On Thu, Feb 25, 2016 at 8:47 AM, Brian Gerst <brgerst@gmail.com> wrote:
> On Thu, Feb 25, 2016 at 3:03 AM, Andy Lutomirski <luto@amacapital.net> wrote:
>>
>> On Feb 24, 2016 10:01 PM, "H. Peter Anvin" <hpa@zytor.com> wrote:
>>>
>>> On 02/24/16 21:53, tip-bot for Andy Lutomirski wrote:
>>> > Commit-ID:  04d1d281dcfe683a53cddfab8371fc8bb302b069
>>> > Gitweb:
>>> > http://git.kernel.org/tip/04d1d281dcfe683a53cddfab8371fc8bb302b069
>>> > Author:     Andy Lutomirski <luto@kernel.org>
>>> > AuthorDate: Tue, 23 Feb 2016 13:19:29 -0800
>>> > Committer:  Ingo Molnar <mingo@kernel.org>
>>> > CommitDate: Wed, 24 Feb 2016 08:43:04 +0100
>>> >
>>> > x86/entry/32: Add an ASM_CLAC to entry_SYSENTER_32
>>> >
>>> > Both before and after 5f310f739b4c ("x86/entry/32: Re-implement
>>> > SYSENTER using the new C path"), we relied on a uaccess very early
>>> > in the SYSENTER path to clear AC.  After that change, though, we can
>>> > potentially make it all the way into C code with AC set, which
>>> > enlarges the attack surface for SMAP bypass by doing SYSENTER with
>>> > AC set.
>>> >
>>> > Strengthen the SMAP protection by addding the missing ASM_CLAC right
>>> > at the beginning.
>>> >
>>>
>>> Hmmm... this potentially adds a *lot* of unnecessary cycles to this
>>> path.  Could we reinstate the early uaccess?
>>
>> I think that's more trouble than it's worth, and it'll undo a bunch of the
>> context tracking cleanups that deferring it made possible, especially since
>> this only matters in a configuration (32-bit SMAP) that no one uses. [1]
>>
>> *However*, I just realized that I have no idea why the 32-bit sysenter path
>> is safe against NT being set.  I fixed it on compat, and now I'm confused as
>> to the status on 32-bit.  If we need to fix up NT, I think we can fold AC
>> into that.
>
> 32-bit still saves eflags in switch_to(), so NT can't leak to other
> tasks.  But for consistency it should get the same treatment as 64-bit
> (clear NT in sysenter entry and drop saving eflags in switch_to).
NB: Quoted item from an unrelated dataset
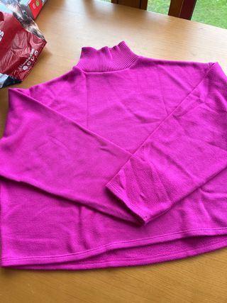 Jersey de Zara en color rosa. Impecable, talla S muy amplia. - Cuello redondo. - Manga larga. - Tejido de canalé.
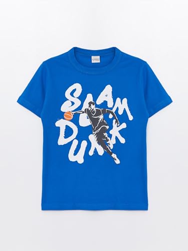 LC WAIKIKI - LC واكيكي تيشرت مطبوع باكمام قصيرة ورقبة دائرية ضيقة للاولاد بعمر 8-9 سنوات، ازرق

Looking deeper, the sysexit path doesn't restore eflags, so we'd need
to manually restore AC and IOPL.

--
Brian Gerst

Re: [tip:x86/urgent] x86/entry/32: Add an ASM_CLAC to entry_SYSENTER_32

[Andy Lutomirski]

On Thu, Feb 25, 2016 at 7:42 AM, Brian Gerst <brgerst@gmail.com> wrote:
> On Thu, Feb 25, 2016 at 8:47 AM, Brian Gerst <brgerst@gmail.com> wrote:
>> On Thu, Feb 25, 2016 at 3:03 AM, Andy Lutomirski <luto@amacapital.net> wrote:
>>>
>>> On Feb 24, 2016 10:01 PM, "H. Peter Anvin" <hpa@zytor.com> wrote:
>>>>
>>>> On 02/24/16 21:53, tip-bot for Andy Lutomirski wrote:
>>>> > Commit-ID:  04d1d281dcfe683a53cddfab8371fc8bb302b069
>>>> > Gitweb:
>>>> > http://git.kernel.org/tip/04d1d281dcfe683a53cddfab8371fc8bb302b069
>>>> > Author:     Andy Lutomirski <luto@kernel.org>
>>>> > AuthorDate: Tue, 23 Feb 2016 13:19:29 -0800
>>>> > Committer:  Ingo Molnar <mingo@kernel.org>
>>>> > CommitDate: Wed, 24 Feb 2016 08:43:04 +0100
>>>> >
>>>> > x86/entry/32: Add an ASM_CLAC to entry_SYSENTER_32
>>>> >
>>>> > Both before and after 5f310f739b4c ("x86/entry/32: Re-implement
>>>> > SYSENTER using the new C path"), we relied on a uaccess very early
>>>> > in the SYSENTER path to clear AC.  After that change, though, we can
>>>> > potentially make it all the way into C code with AC set, which
>>>> > enlarges the attack surface for SMAP bypass by doing SYSENTER with
>>>> > AC set.
>>>> >
>>>> > Strengthen the SMAP protection by addding the missing ASM_CLAC right
>>>> > at the beginning.
>>>> >
>>>>
>>>> Hmmm... this potentially adds a *lot* of unnecessary cycles to this
>>>> path.  Could we reinstate the early uaccess?
>>>
>>> I think that's more trouble than it's worth, and it'll undo a bunch of the
>>> context tracking cleanups that deferring it made possible, especially since
>>> this only matters in a configuration (32-bit SMAP) that no one uses. [1]
>>>
>>> *However*, I just realized that I have no idea why the 32-bit sysenter path
>>> is safe against NT being set.  I fixed it on compat, and now I'm confused as
>>> to the status on 32-bit.  If we need to fix up NT, I think we can fold AC
>>> into that.
>>
>> 32-bit still saves eflags in switch_to(), so NT can't leak to other
>> tasks.  But for consistency it should get the same treatment as 64-bit
>> (clear NT in sysenter entry and drop saving eflags in switch_to).
>
> Looking deeper, the sysexit path doesn't restore eflags, so we'd need
> to manually restore AC and IOPL.

Ick.

First things first, though -- there's no immediate reason to stop
saving flags on 32-bit context switches.  So we don't need to worry
about IOPL except for sanity and/or consistency.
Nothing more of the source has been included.